ASSIGNED TASK:
What are the lines below, starting at the line containing "1. Выпишите имена" and ending at the line containing "- iPhone 12"? Write them out exactly, ends included, without pictures.

DATA SUPPLIED:

_ _ _ _ _

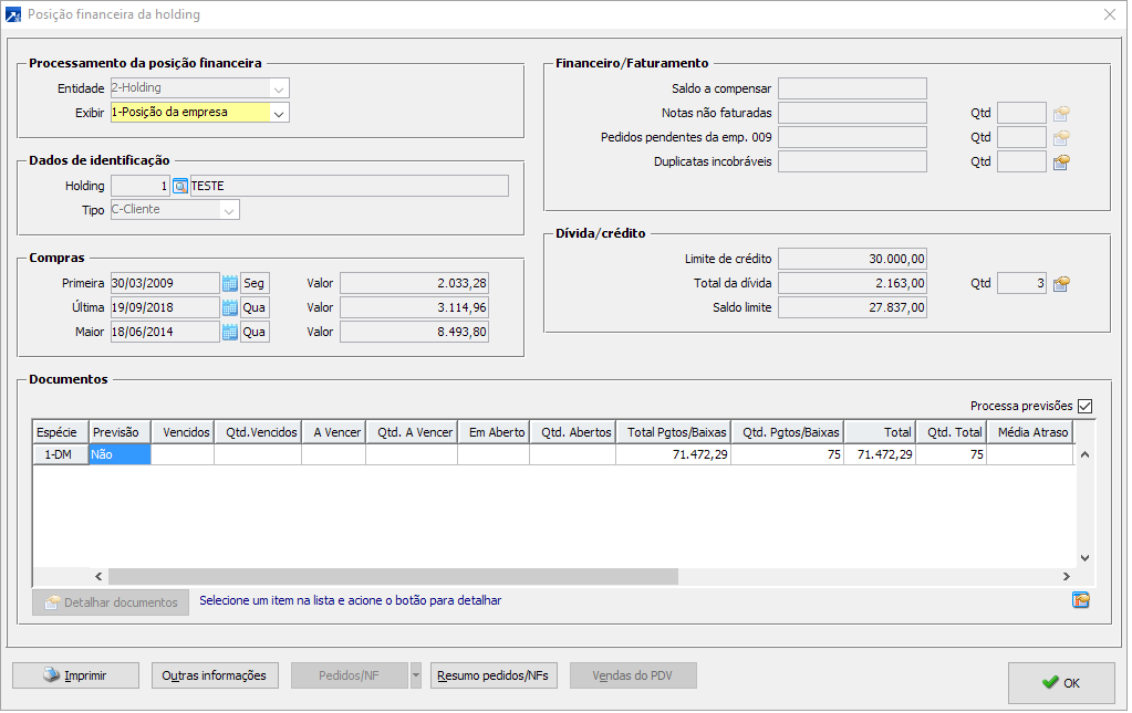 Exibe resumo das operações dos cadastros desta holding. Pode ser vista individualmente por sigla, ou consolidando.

_ _ _ _ _

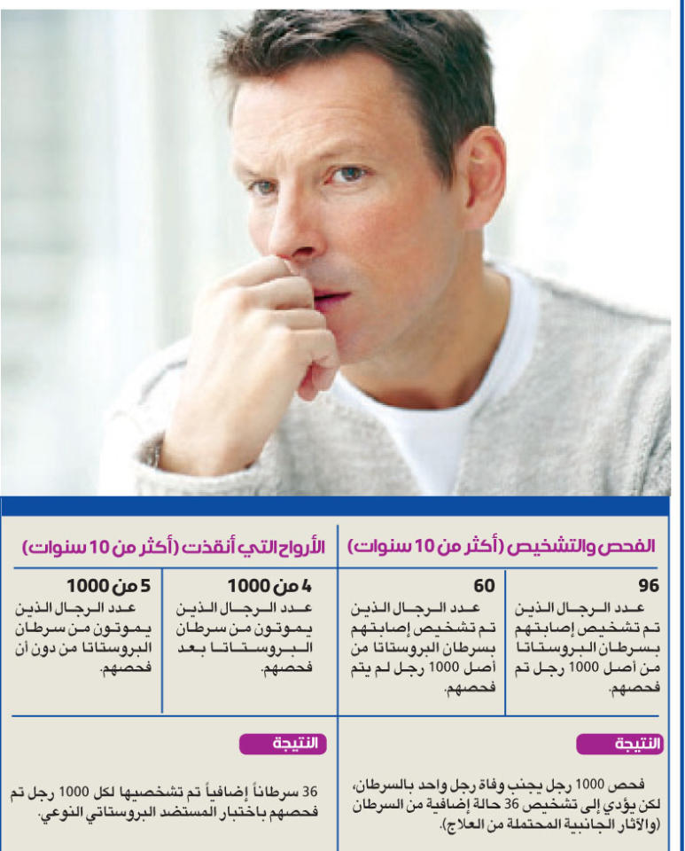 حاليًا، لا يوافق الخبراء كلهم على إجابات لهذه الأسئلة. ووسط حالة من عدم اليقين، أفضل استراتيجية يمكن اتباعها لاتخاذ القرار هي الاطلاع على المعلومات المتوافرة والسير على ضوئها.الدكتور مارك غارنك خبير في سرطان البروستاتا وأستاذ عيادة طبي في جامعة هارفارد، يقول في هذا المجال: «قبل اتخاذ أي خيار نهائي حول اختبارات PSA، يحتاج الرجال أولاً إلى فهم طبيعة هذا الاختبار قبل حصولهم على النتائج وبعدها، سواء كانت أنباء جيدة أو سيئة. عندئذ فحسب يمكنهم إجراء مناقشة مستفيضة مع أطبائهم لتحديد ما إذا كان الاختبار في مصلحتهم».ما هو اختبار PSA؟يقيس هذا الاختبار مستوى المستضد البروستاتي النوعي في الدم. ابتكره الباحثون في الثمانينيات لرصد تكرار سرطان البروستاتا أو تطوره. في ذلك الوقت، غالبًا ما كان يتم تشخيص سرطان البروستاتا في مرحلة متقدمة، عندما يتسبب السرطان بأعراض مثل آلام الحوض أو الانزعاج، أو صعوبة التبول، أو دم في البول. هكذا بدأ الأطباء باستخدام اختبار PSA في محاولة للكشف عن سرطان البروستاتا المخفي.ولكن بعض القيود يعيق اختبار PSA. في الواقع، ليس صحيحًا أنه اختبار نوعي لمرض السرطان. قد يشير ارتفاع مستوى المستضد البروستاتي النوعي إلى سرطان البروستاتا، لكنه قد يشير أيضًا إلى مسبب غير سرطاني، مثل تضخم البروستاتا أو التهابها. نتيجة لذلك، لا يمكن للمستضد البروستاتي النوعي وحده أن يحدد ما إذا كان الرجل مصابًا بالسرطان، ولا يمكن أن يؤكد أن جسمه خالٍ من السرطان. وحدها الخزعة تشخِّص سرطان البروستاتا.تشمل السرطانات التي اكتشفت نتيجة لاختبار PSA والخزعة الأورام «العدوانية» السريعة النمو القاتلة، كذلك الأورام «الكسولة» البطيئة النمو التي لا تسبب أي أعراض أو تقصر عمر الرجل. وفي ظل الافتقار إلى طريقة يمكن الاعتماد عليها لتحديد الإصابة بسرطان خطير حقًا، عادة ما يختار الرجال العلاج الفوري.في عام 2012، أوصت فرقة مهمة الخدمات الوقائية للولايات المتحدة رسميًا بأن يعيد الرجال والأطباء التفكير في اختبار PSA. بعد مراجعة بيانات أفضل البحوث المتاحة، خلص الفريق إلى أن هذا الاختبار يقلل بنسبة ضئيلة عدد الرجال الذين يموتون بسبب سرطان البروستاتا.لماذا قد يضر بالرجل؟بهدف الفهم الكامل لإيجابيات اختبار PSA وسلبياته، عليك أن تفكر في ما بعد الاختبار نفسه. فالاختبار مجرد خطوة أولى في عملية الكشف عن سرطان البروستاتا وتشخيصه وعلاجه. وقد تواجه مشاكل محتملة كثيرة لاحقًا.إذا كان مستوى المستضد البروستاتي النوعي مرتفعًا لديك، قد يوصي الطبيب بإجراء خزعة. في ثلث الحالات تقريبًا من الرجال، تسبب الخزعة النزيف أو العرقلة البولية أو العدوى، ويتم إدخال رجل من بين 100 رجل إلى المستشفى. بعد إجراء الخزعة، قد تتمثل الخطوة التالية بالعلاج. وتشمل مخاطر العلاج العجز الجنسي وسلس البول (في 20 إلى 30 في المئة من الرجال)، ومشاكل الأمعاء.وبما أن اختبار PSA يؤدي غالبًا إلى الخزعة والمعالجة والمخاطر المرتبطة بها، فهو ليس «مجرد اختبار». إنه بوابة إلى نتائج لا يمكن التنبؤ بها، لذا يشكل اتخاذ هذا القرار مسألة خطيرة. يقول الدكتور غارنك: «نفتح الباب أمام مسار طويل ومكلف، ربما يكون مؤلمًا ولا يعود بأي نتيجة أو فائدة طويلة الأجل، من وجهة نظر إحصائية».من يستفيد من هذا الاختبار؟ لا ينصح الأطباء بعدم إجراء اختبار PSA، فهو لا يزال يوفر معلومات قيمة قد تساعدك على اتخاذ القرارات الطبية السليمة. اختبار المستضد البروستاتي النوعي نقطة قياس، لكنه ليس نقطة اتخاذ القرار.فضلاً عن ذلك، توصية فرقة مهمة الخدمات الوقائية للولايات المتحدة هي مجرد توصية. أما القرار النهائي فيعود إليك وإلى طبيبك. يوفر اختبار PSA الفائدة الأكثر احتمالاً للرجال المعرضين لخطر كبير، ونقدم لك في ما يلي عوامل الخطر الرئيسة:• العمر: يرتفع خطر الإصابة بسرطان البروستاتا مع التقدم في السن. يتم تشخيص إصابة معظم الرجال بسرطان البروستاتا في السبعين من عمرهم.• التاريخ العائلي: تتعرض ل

_ _ _ _ _

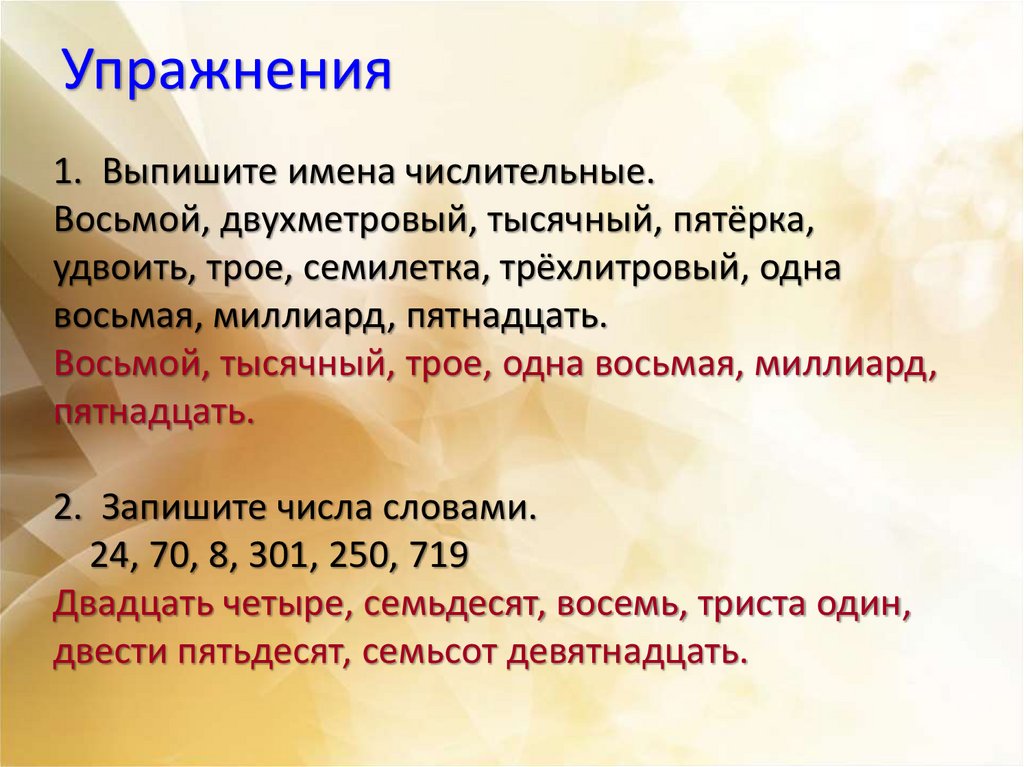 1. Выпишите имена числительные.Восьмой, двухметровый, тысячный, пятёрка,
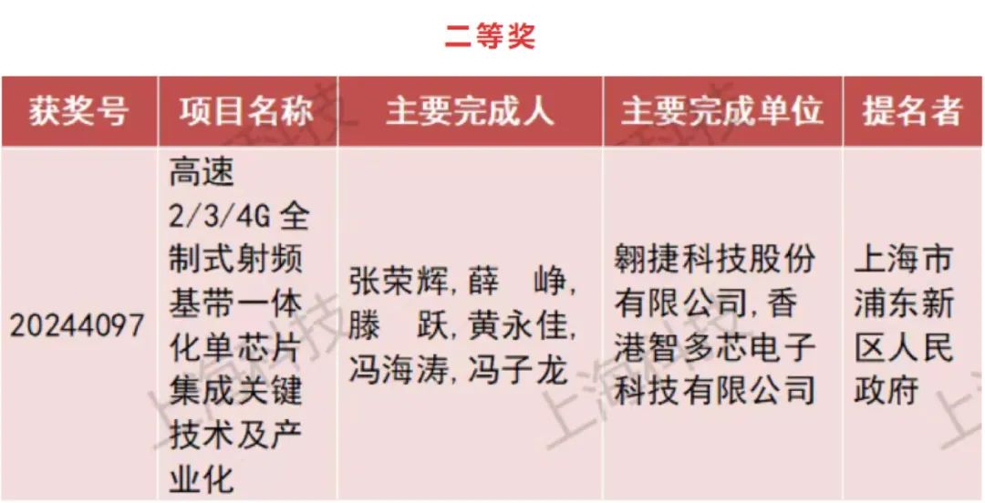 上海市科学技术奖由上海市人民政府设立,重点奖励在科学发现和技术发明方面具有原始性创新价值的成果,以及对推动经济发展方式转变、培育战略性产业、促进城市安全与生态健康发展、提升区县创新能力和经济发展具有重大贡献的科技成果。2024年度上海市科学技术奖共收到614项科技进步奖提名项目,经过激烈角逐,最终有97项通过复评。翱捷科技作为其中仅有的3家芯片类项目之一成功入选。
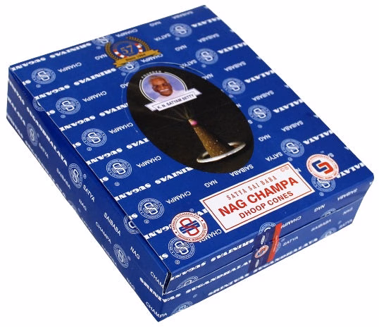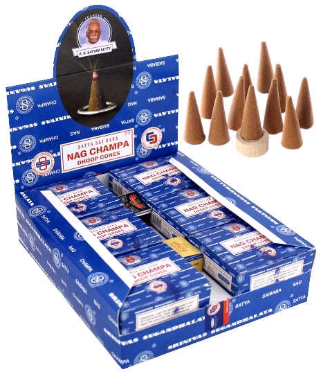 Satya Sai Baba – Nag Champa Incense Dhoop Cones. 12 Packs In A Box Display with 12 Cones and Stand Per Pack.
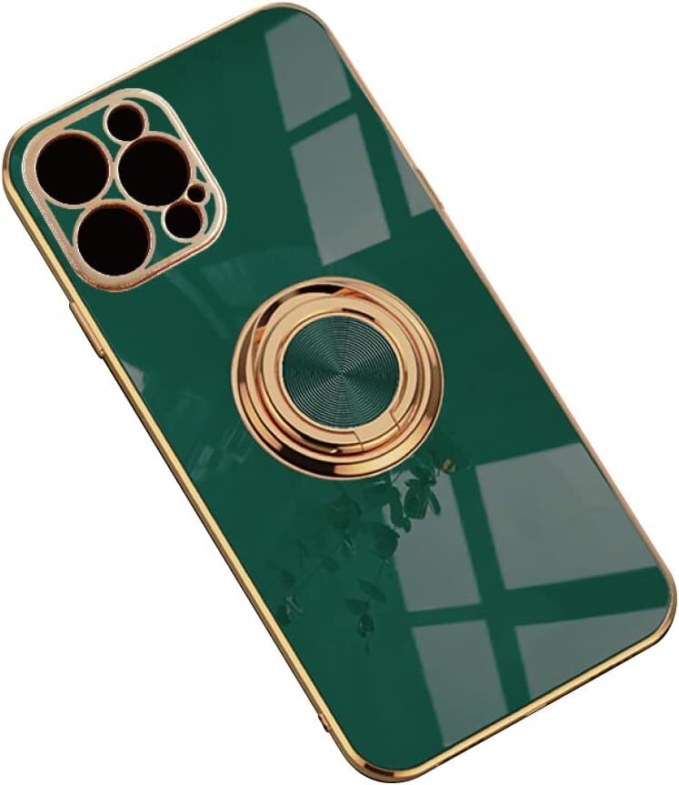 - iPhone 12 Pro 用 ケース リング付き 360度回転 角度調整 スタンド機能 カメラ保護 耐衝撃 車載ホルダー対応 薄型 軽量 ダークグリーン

_ _ _ _ _

RESULT OF THE TASK:
 1. Выпишите имена числительные.Восьмой, двухметровый, тысячный, пятёрка,
 上海市科学技术奖由上海市人民政府设立,重点奖励在科学发现和技术发明方面具有原始性创新价值的成果,以及对推动经济发展方式转变、培育战略性产业、促进城市安全与生态健康发展、提升区县创新能力和经济发展具有重大贡献的科技成果。2024年度上海市科学技术奖共收到614项科技进步奖提名项目,经过激烈角逐,最终有97项通过复评。翱捷科技作为其中仅有的3家芯片类项目之一成功入选。
 Satya Sai Baba – Nag Champa Incense Dhoop Cones. 12 Packs In A Box Display with 12 Cones and Stand Per Pack.
 - iPhone 12 Pro 用 ケース リング付き 360度回転 角度調整 スタンド機能 カメラ保護 耐衝撃 車載ホルダー対応 薄型 軽量 ダークグリーン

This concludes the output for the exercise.